*TASK GOAL*
Print the records below exactly, starting at the first line and stopping after the line that contains "CBC Members met". Leave out any pictures.

Source records

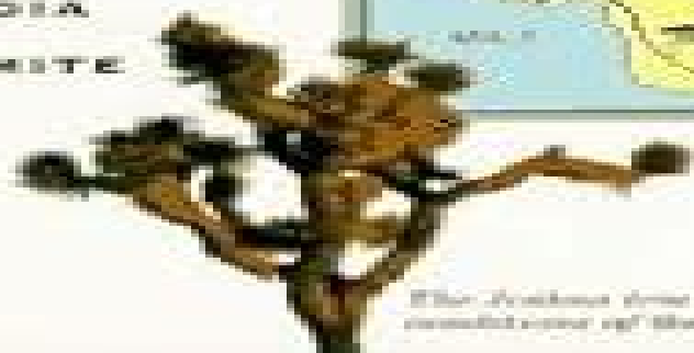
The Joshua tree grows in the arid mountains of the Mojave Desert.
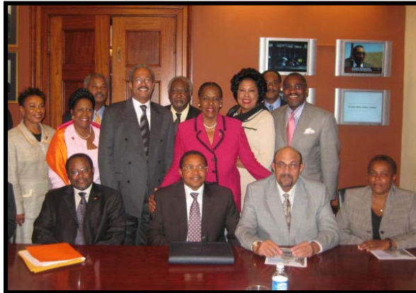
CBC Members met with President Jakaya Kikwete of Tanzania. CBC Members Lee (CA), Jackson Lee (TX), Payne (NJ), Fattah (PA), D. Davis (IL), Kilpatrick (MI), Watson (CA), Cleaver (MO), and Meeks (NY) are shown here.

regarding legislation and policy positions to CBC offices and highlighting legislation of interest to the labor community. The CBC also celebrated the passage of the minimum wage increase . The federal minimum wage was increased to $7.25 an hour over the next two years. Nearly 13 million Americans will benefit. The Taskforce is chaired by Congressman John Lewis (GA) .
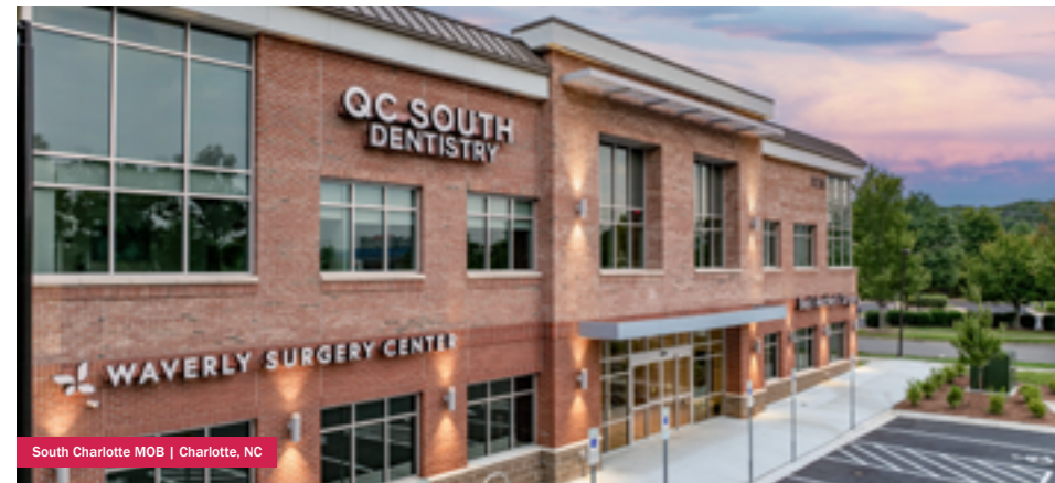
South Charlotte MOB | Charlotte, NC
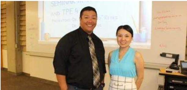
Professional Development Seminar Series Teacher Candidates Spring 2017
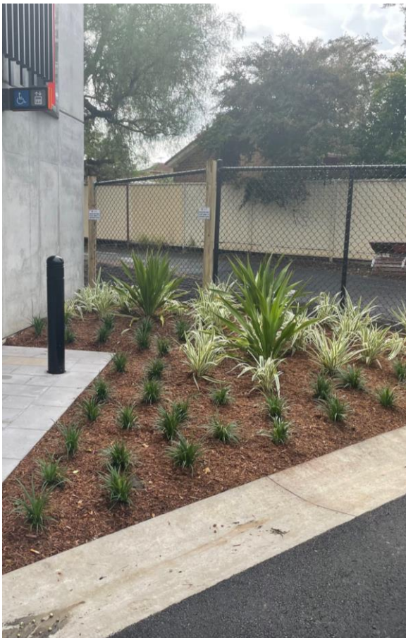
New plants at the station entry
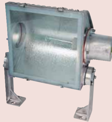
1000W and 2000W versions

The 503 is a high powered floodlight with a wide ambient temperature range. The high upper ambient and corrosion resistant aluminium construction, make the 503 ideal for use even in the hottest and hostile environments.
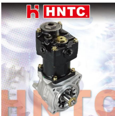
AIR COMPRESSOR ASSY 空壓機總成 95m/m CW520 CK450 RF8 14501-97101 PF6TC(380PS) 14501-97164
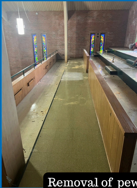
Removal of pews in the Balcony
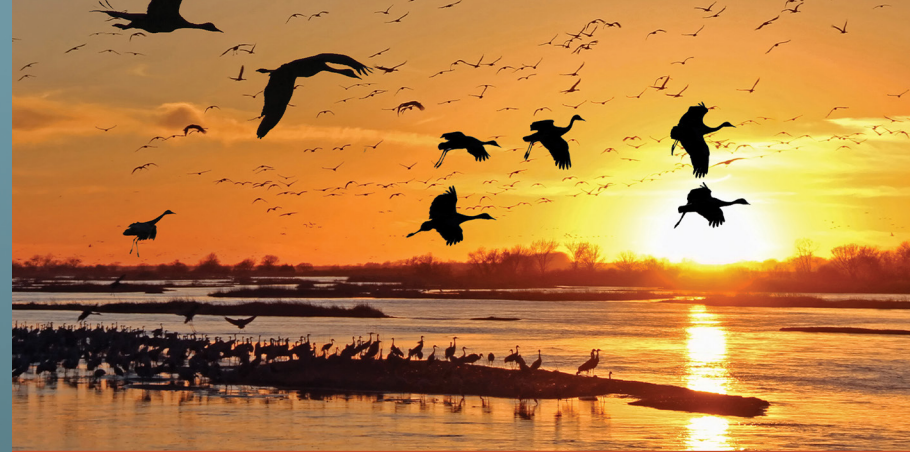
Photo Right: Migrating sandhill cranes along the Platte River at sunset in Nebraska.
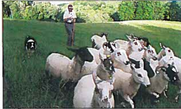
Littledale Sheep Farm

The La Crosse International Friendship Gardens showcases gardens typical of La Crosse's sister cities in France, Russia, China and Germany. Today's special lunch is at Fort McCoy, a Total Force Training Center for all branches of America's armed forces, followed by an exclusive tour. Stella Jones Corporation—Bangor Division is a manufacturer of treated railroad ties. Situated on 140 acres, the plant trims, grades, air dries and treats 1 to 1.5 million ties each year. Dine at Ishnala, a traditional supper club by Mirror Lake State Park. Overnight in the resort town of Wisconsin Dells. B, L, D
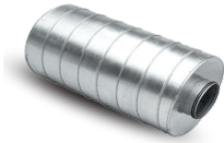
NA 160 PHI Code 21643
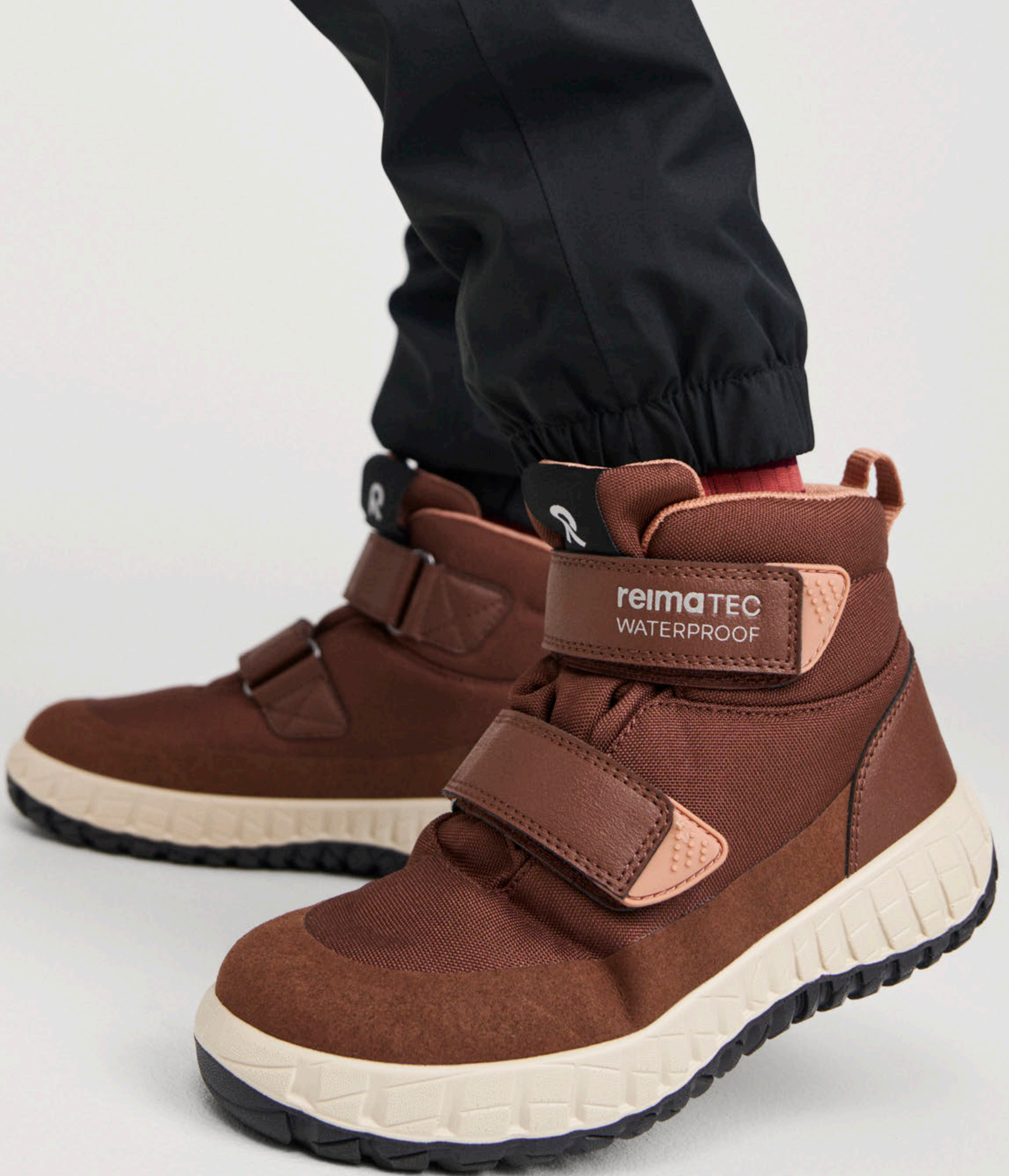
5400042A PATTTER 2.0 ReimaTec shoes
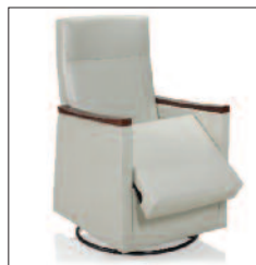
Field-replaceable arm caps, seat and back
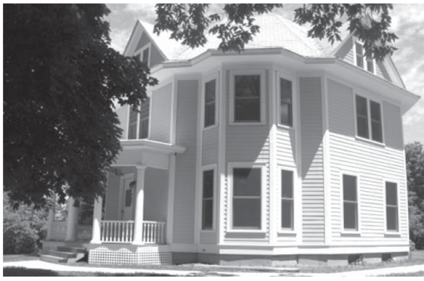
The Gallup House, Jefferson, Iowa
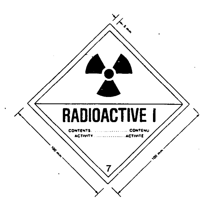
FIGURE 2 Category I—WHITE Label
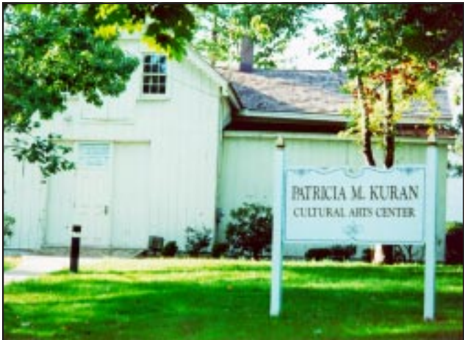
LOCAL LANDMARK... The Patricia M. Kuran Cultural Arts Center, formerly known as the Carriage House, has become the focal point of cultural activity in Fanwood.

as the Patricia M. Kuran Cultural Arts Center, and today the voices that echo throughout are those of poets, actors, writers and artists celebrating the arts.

*EXERCISE OUTPUT*
The Joshua tree grows in the arid mountains of the Mojave Desert.
CBC Members met with President Jakaya Kikwete of Tanzania. CBC Members Lee (CA), Jackson Lee (TX), Payne (NJ), Fattah (PA), D. Davis (IL), Kilpatrick (MI), Watson (CA), Cleaver (MO), and Meeks (NY) are shown here.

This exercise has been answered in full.